Map in hand, we head off as directed, left from the pub down the lane. Straight away we realise the directions need more detail. We are asked to proceed down the lane to the track marked ‘Pekes Farm’. It would have helped to know this was a good 20 minute walk. Instead we keep thinking we’ve missed the turn off, although the scenery and peace is lovely. We pass thatched cottages with perfectly groomed gardens and dogs asleep in doorways, and enjoy the always amusing English road sign advertising the location of bizarrely-named villages – Lower Dicker and Coggers Cross. The lane is a minor road but the traffic, when it comes, whips along at speed and we’re not surprised to pass the startled corpse of a large badger on the grass verge.We are pleased to finally take the farm track and get into the country proper, passing bucolic cottages, fields of green, edged with wild blackberries and huge mushrooms, fine oaks and a shed, housing a vintage car restorer. Onwards past sheep (that rather put me in mind of the rump of lamb waiting at The Gun) and curious horses. We walk over stiles, through gates, along the edge of a field being ploughed, and across wooden walkways over streams. And then we get lost.

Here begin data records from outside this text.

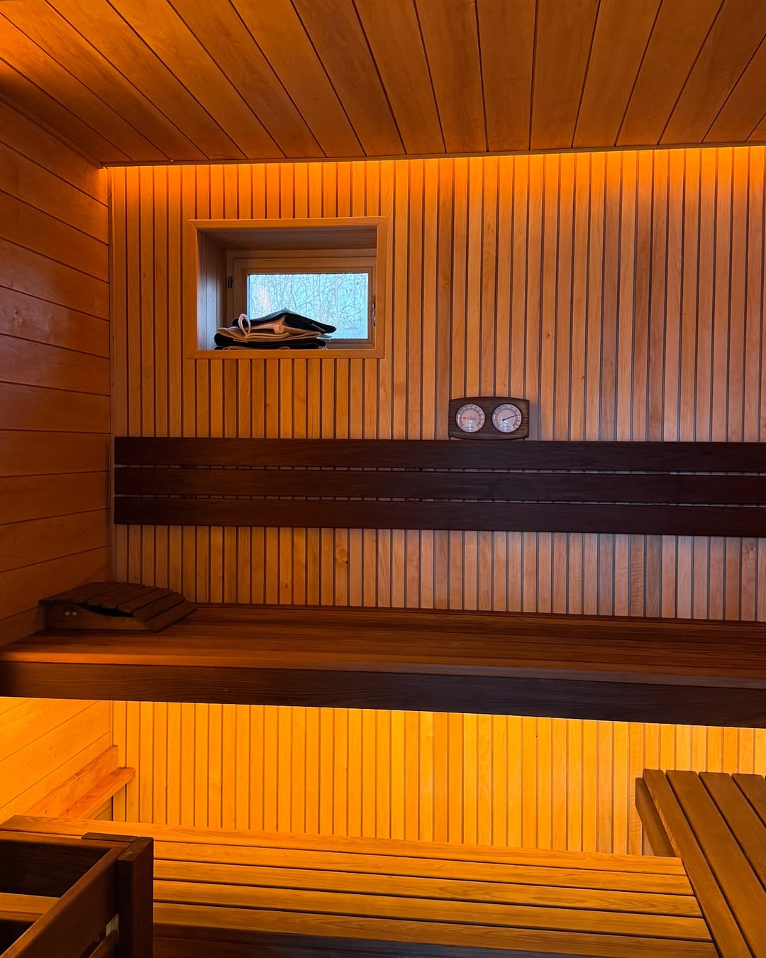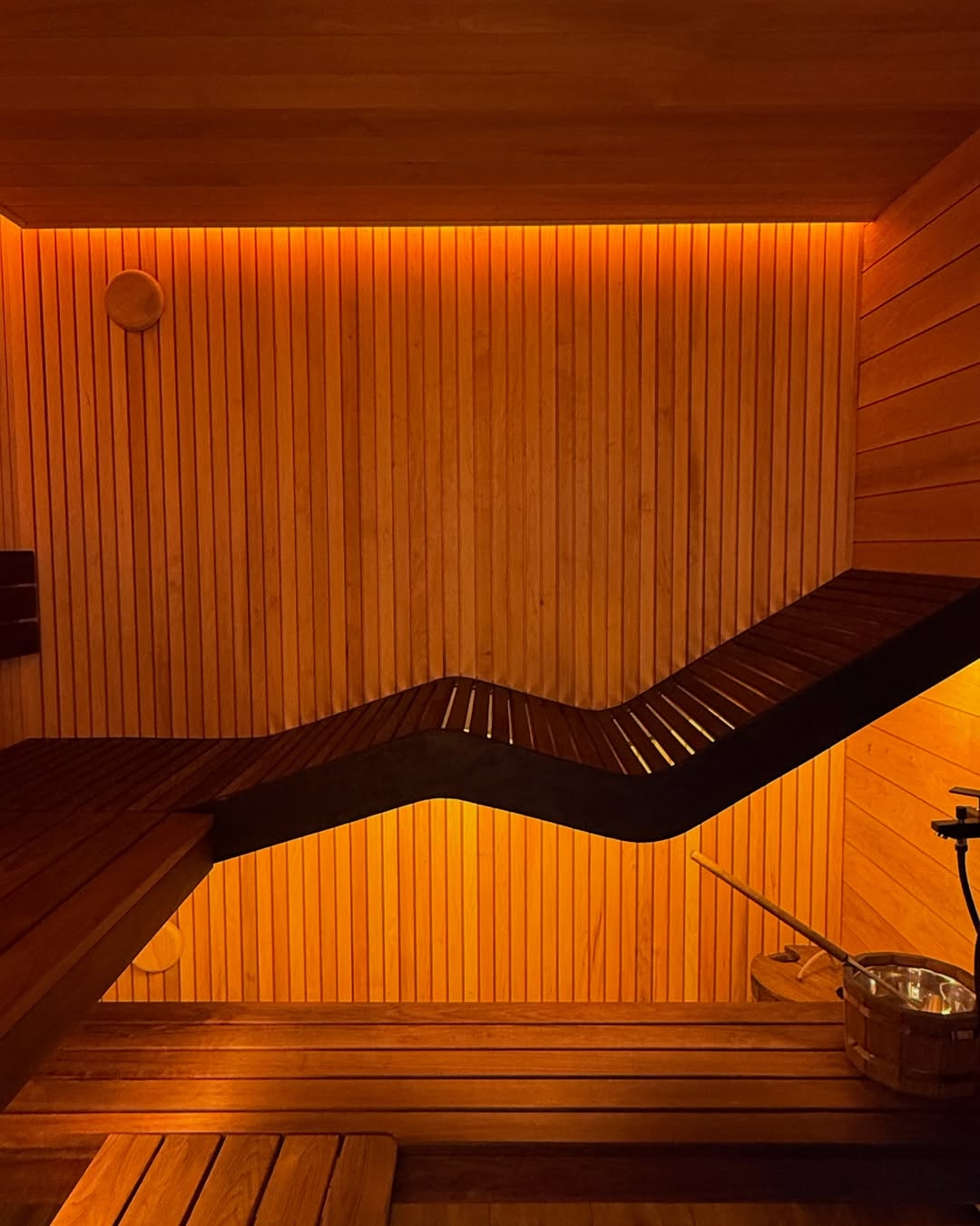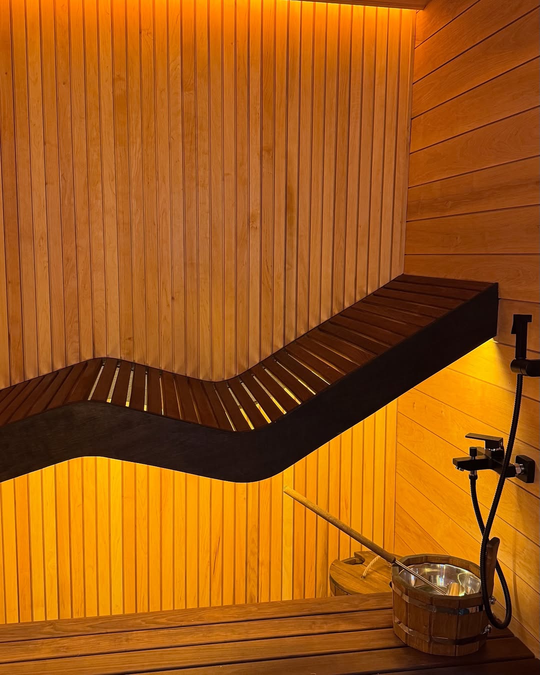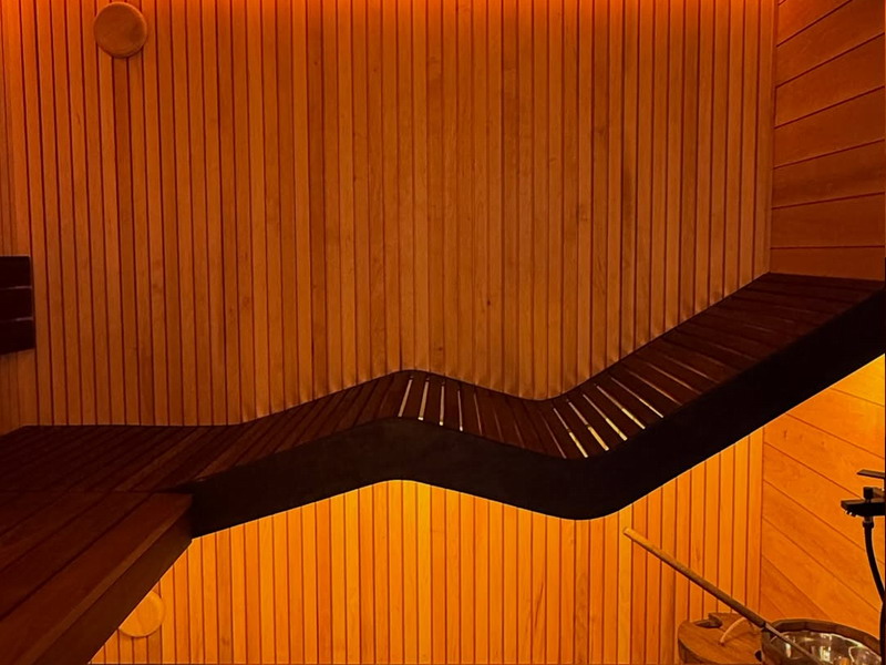 Материалы отделки:Вагонка STS из ольхи, 15/80Полок из термо липы, 26/90Элементы дизайна:Контурная подсветка.Плитка талькохлорит.Панно из можжевельника.Оборудование:Печь Я..
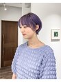 マッシュショート◎2回ブリーチで作るラベンダーカラー。伸びてきたブリーチをしていない根本は、明るめのベージュでルーツカラーにしています。
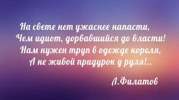 Уважаемый Владислав Александрович, я не противник власти как таковой, и в последнее время сильно охладел к лозунгам демократии, народовластия, и всеобщего равенства, т.к. вижу, что абсолютному большинству электората на это наплевать — каждый заботится только о себе.
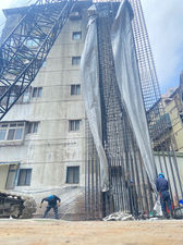 2025年 9月 五樓底板板模組立水電放樣、柱牆鋼筋綁紮水電配管、施工電梯安裝、水電室內拉線及修繕
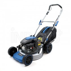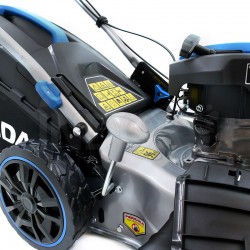 Cette tondeuse à essence Hyundai est équipée d'un moteur de 150 cm3 et 5 CV .
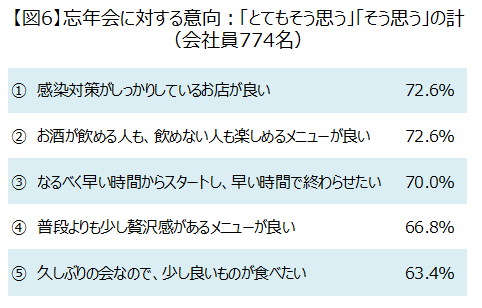 忘年会に対する意向を調査ところ、「感染対策がしっかりしているお店」との回答が72.6%と最も多いことがわかりました。(図5)
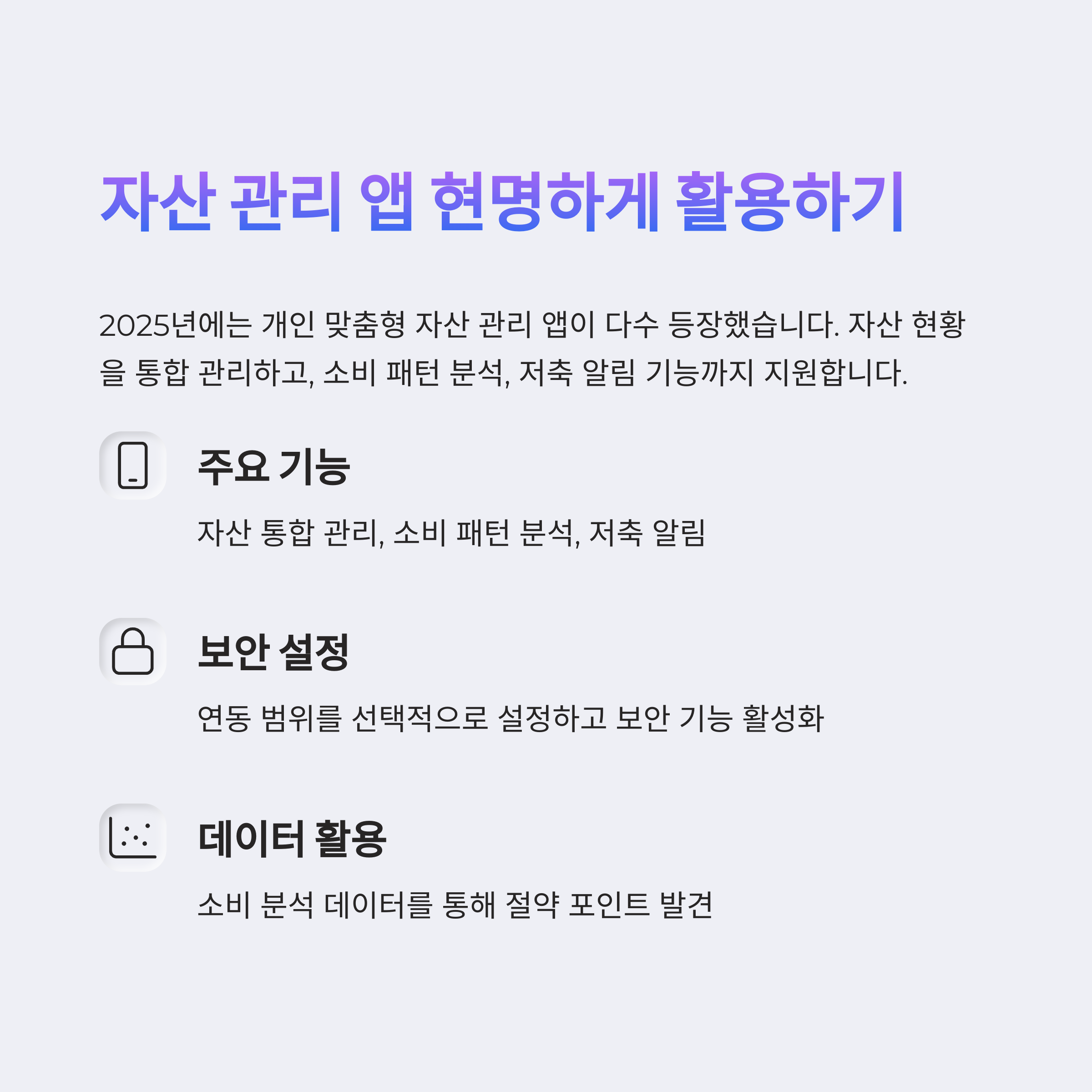 2025년에는 개인 맞춤형 자산 관리 앱이 다수 등장했습니다.
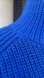 Features a chunky knit and a vibrant royal blue color.
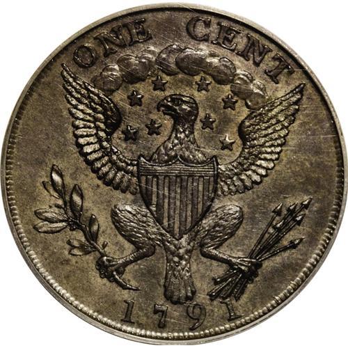 <B>1791 1C Washington Small Eagle Cent MS63 Brown PCGS.</B></I> Baker-16, R.3. This impressive piece is precisely struck, and offers blended chocolate-brown and medium brown toning. Abrasions and spots are absent, and the eye appeal is formidable for the designated grade. Encased in a green label holder. Listed on page 77 of the 2007 <I>Guide Book.</B></I><BR><I>From The Jones Beach Collection.</B></I><BR><BR><b>Shipping:</b> Coin/Currency (<a target="_blank" href="http://www.heritageauctions.com/common/shipping.php">view shipping information</a>)
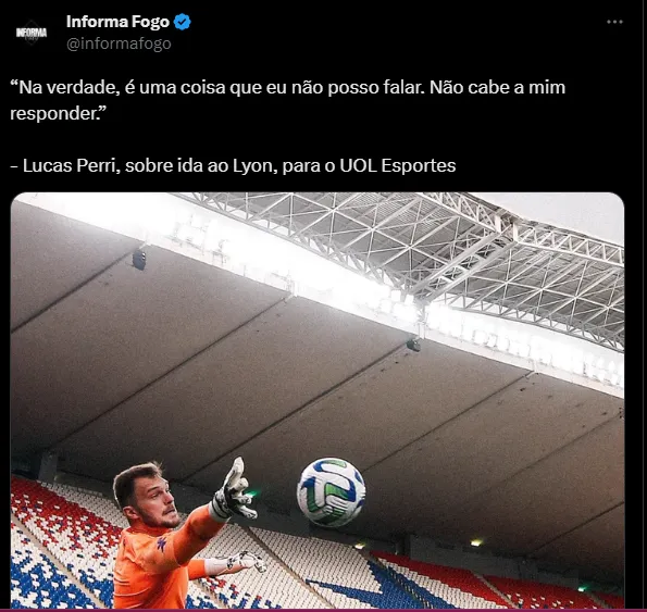 Um deles é o goleiro Lucas Perri, titular absoluto do Botafogo e convocado para a Seleção Brasileira. O arqueiro é cotado para jogar no Lyon (FRA) na próxima temporada, juntamente com o zagueiro Adryelson, seu companheiro de equipe. Vale destacar que o clube francês tem Textor como dono da SAF. Em entrevista ao UOL, Perri falou sobre a situação.
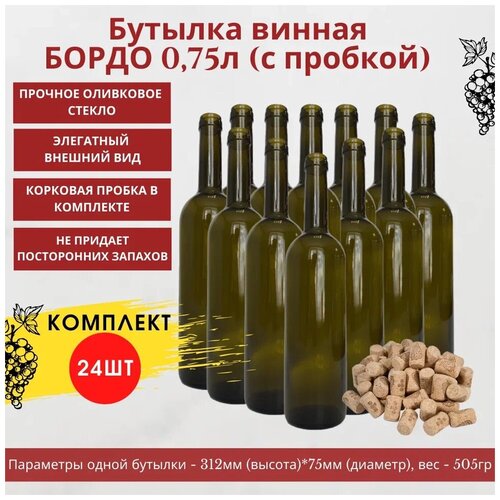 Бутылки винные «Бордо» с пробками 24 шт по 0,75 л.
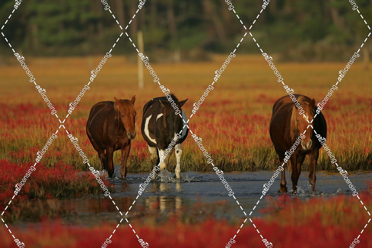 MD3P8299 Chincoteague Ponies In Water, Virginia, USA  2008
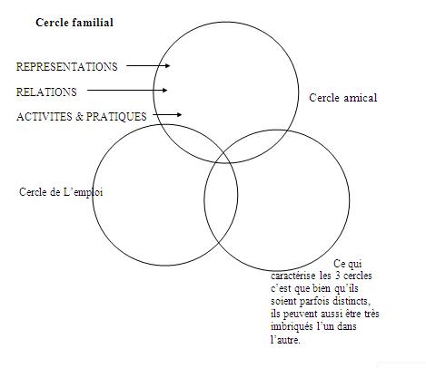 Ces trois cercles, imbriqués l’un dans l’autre, représentent le réseau social de fréquentation de nos unités d’investigations. Chacun d’entre eux sera donc étudié au niveau de trois des principales pratiques sociales: les représentations, les relations, et les activités et ce, afin que chaque cercle puisse répondre aux trois hypothèses posées au départ.
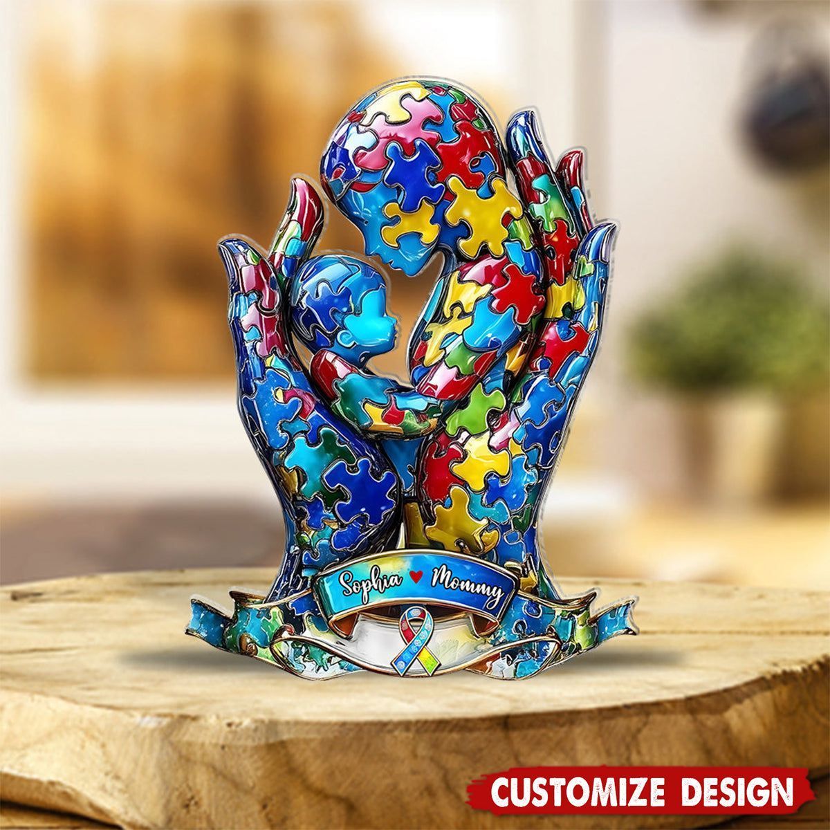 • 1 x Mom And Kid - Personalized Autism Awareness Shaped Acrylic Plaque
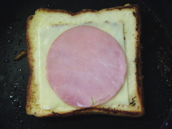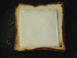 - フレンチトーストの上にとろけるスライスチーズを乗せ、蓋をして、チーズがとろけるのを待ちます。
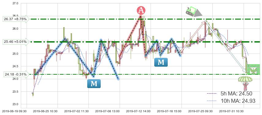 ♘ 阻力价格位25.46,可信任强度75.39%,距离最后交易2019-07-31 15:00形成的收盘价格24.25相差 +5.01%
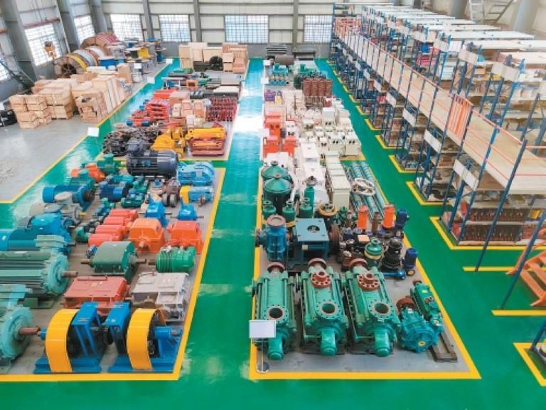 陕西泰丰盛合物资中心内,整齐陈列着各类机电设备。 受访者供图
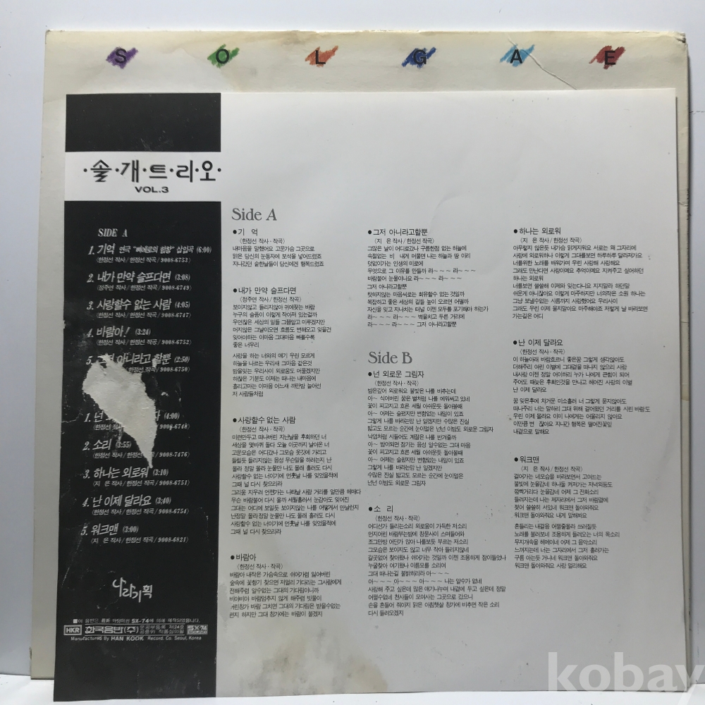 LP 35,350-10 솔개트리오 3집 - 기억/ 넌 외로운 그림자 . ` 90 한국 자켓 EX- 알판 EX+
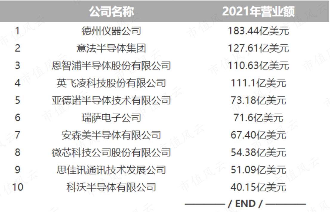 工业应用领域则是另一番景致:德州仪器一家独大,独霸了全球市场半壁江山,亚德诺、英飞凌紧随其后,合力又吃掉了近4成的市场空间。
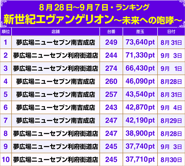 『新世紀エヴァンゲリオン~未来への咆哮~』は2台が+70,000ptオーバー!!
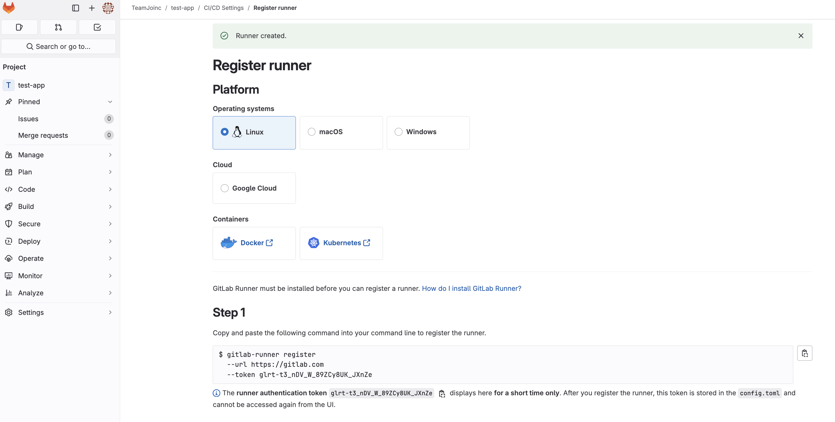 gitlab-runner를 로컬 서버에 다운받았으면 그 러너를 gitlab project repo에 등록해야 한다.

The woods are thick and we can’t see the stile we’re supposed to be heading for. We stumble about a bit before finding our way back to the ploughed field. We use our sense of direction to make it up from here and get to the field on the other side of the wood that we have to walk over to a laneway that houses two beautiful farmhouses. Despite losing our way, we loved it and worked up a sweat as well as an appetite.
back at The Gun we fall on the menu. I go for the fish board, a selection of king prawns, salmon crostini, superb potted mackerel and smoked trout with fresh bread and washed down with a pint of cider. Rob’s choice of the special pan-fried beef fillet doesn’t disappoint. We have sufficient bramble cuts to prove we’ve been walking and despite taking us closer to two and half hours, we’ve enjoyed the walk and the food so much we’re already planning to return to do the other three walks.